The Macroscopic Description of Chaotic Quantum Systems

The world of quantum physics is often viewed as highly complex and chaotic, with systems consisting of many interacting small particles posing significant challenges to traditional theories. However, a recent study led by Professor Monika Aidelsburger and Professor Immanuel Bloch from the LMU Faculty of Physics suggests that even chaotic quantum many-body systems can be described through simple diffusion equations with random noise. This groundbreaking research, published in the journal Nature Physics, sheds light on the potential for a macroscopic understanding of quantum phenomena.
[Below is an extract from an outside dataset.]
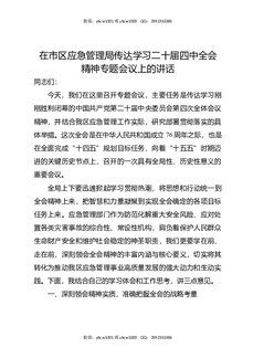 在市区应急管理局传达学习二十届四中全会精神专题会议上的讲话.docx

The concept of hydrodynamics, which allows for the macroscopic description of flow behavior without delving into the physics of individual particles, forms the basis of this study. Julian Wienand, a doctoral candidate in Immanuel Bloch’s research team and lead author of the research, highlights the role of Brownian motion in understanding the behavior of small particles in water. By considering these erratic movements as white noise and applying fluctuating hydrodynamics (FHD) theory, the researchers were able to identify the diffusion constant as a key determinant of system behavior.

The research team’s findings suggest that under certain circumstances, chaotic quantum systems can be effectively described through FHD, simplifying the macroscopic understanding of these complex systems. By studying the behavior of chaotic many-body quantum systems using ultracold cesium atoms in optical lattices, the researchers were able to observe how fluctuations and density correlations evolve over time. The results indicated that FHD provides a qualitative and quantitative description of the system, offering valuable insights into the macroscopic behavior of chaotic quantum systems.

The implications of these findings extend to the field of quantum physics, where the laws governing quantum interactions are fundamentally different from those of classical particles. Concepts such as “uncertainty” and “entanglement” add layers of complexity to the behavior of quantum systems, making them notoriously difficult to calculate. However, the application of FHD theory to chaotic quantum systems presents an opportunity to simplify the understanding of these phenomena, potentially unlocking new insights into the behavior of quantum particles.

By demonstrating that chaotic quantum systems can be described macroscopically through FHD, the research team has opened new avenues for exploring the behavior of quantum particles. The ability to simplify the description of complex systems without the need to delve into microscopic interactions holds promise for future studies in quantum physics. By focusing on macroscopic diffusion processes, researchers may uncover new principles guiding the behavior of quantum systems, leading to advancements in our understanding of the quantum world.